# Task
For the data that follows, print the line with "Stylish black leather", the line with "Living room with", and all lines between them, exactly as they stand. Omit pictures and add nothing.

# Source data
- - - - -

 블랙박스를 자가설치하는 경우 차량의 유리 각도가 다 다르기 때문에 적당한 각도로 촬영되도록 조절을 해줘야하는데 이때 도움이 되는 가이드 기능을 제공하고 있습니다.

- - - - -

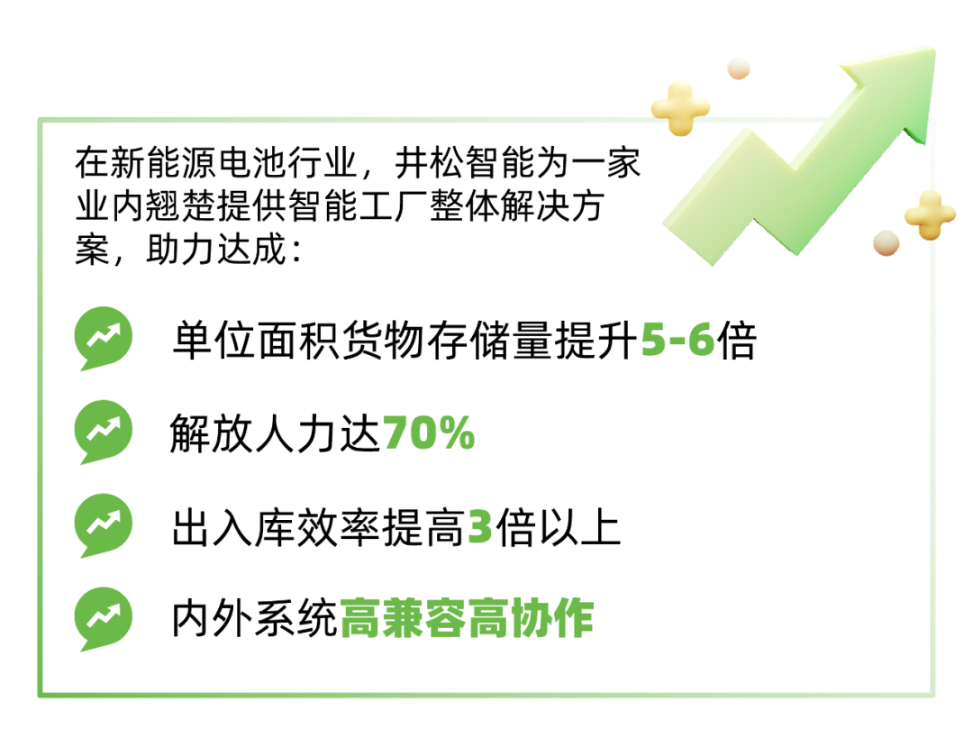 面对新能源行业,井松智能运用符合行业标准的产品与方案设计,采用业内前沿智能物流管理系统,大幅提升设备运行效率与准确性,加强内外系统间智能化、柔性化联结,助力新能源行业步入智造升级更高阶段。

- - - - -

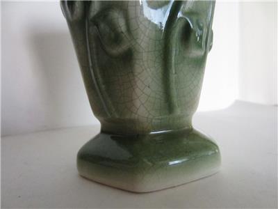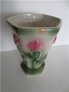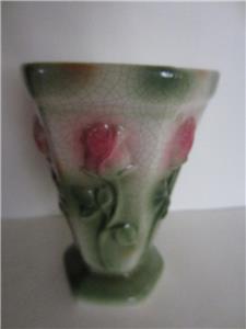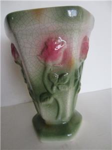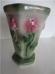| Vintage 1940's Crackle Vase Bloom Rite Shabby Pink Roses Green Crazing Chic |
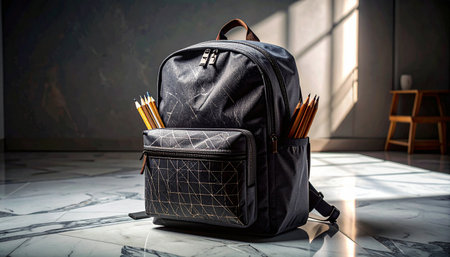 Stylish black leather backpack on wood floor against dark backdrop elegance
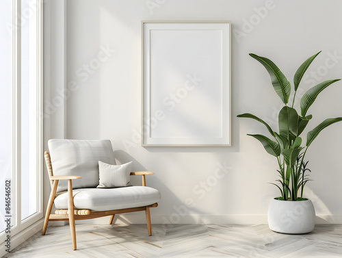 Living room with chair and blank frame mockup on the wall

- - - - -

# Solved problem
 Stylish black leather backpack on wood floor against dark backdrop elegance
 Living room with chair and blank frame mockup on the wall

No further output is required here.